Nelson gently placed her on the king sized bed as he takes her panties off,while unbuckling his pants still maintain eye contact with her.
He slides into her wet caves and she couldn’t help but roll her eyes in pleaure. the hallway a blur of discarded shadows and heavy breathing. Every inch of skin that touched felt like a brand. Nelson moved with the same precision he used on the stage, but fueled by a raw, primal need that Roxy had never encountered. He treated her body like a temple and a playground all at once, his touch leaving a trail of fire in its wake.
The night was a whirlwind of intensity—a desperate, beautiful struggle to get close enough, to feel enough, to drown out the rest of the world. In the quiet, dark hours of the morning, while the city slept below them, they shared a connection that went beyond the physical. It was a soul-deep recognition, a brief window of time where two strangers became everything to each other.
But as the first grey light of dawn began to creep through the heavy velvet curtains, the reality of the clock returned.

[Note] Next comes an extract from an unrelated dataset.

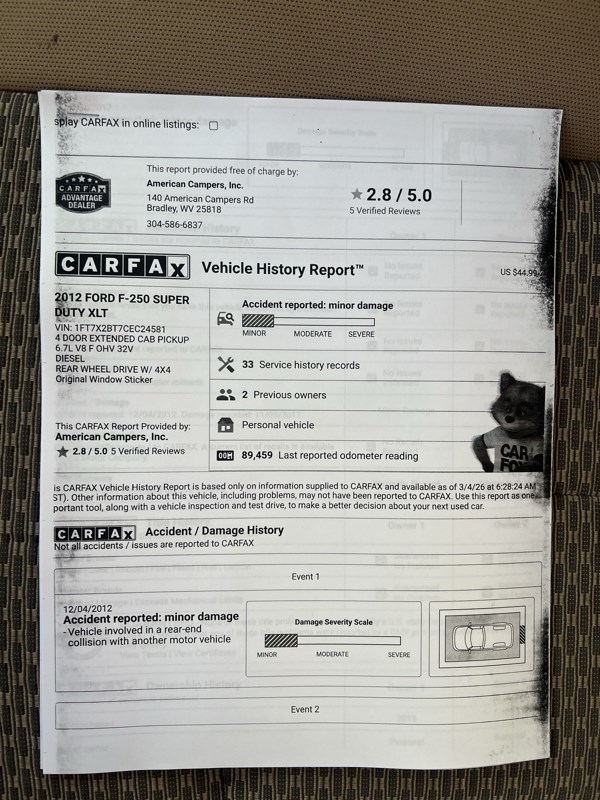 At American Campers, we're proud to offer this 2012 Ford F250 Super Duty-a truck built to handle the toughest jobs with confidence and capability. Dressed in a bold maroon finish, this heavy-duty powerhouse is ready to impress both on the road and off. Under the hood, the 6.7L 8-cylinder engine paired with a 6-speed automatic transmission delivers the strength and smooth performance you expect from a Ford Super Duty. With 135,257 miles, this F250 has proven its reliability and still has plenty of work and adventure ahead. The turbocharged engine ensures that whether you're towing, hauling, or cruising, you'll have the power you need on demand. Inside, you'll find thoughtful features designed for comfort and control. Enjoy the convenience of air conditioning, AM/FM stereo, and a tilt steering wheel that makes every drive more enjoyable. Safety comes standard with anti-lock brakes, dual rear side and rear head air bags, and a passive engine immobilizer for peace of mind. Power brakes and power steering further enhance the confident handling and stability of this rugged truck. If you've been searching for a dependable, hard-working pickup that doesn't compromise on performance, this 2012 Ford F250 Super Duty is ready to deliver. Visit American Campers today or call 304-877-2621 to learn more and take the next step toward owning this impressive truck.
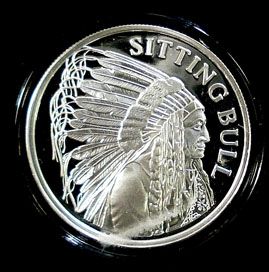 "SITTING BULL" FEATURED ON A ONE OUNCE.999 SILVER ART ROUND, IN BOX AND CAPSULE

Nelson was asleep for a brief moment, his face softened in the shadows, looking less like a titan of the industry and more like a man who had finally found peace. Roxy watched him, her heart heavy. She knew if she stayed until he woke up, she would never be able to let him go. And he was going to London. He had a world to conquer. She was a girl from a broken home with nothing but a pair of worn-out dance shoes.

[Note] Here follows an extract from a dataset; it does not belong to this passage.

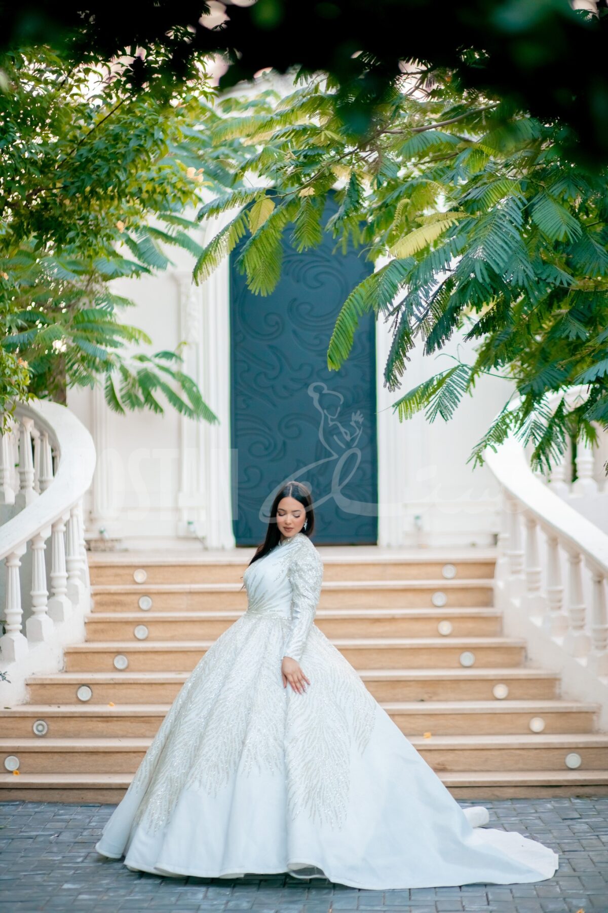 مش هتحتاجي تروحي محل تاني علشان تختاري الإكسسوارات، لأن Fostan Boutique بيكمل الإطلالة بتشكيلة طرَح وتيجان وأحزمة مكيفة مع كل موديل. الطرحة ممكن تكون طويلة لمساحة درامية في الصور، أو قصيرة ستايل بوهيمي لو بتحبي الحرية في الحركة. التيجان بسيطة ورقيقة للستايل الهادئ، أو مزينة بالكريستال للستايل الملكي.

She dressed in silence, the silk of her dress feeling cold against her sensitized skin. She didn't leave a note. She didn't leave her number. She simply took one last look at the man who had set her soul on fire and walked out into the cold morning air.
She thought it was the end of a beautiful, intense mistake.
She didn't know that she was carrying a piece of him with her. She didn't know that six weeks later, she would be staring at a plastic stick in a cramped bathroom, her world tilting on its axis. And she certainly didn't know that five years later, the man who had vanished into the London fog would return to take her breath away all over again.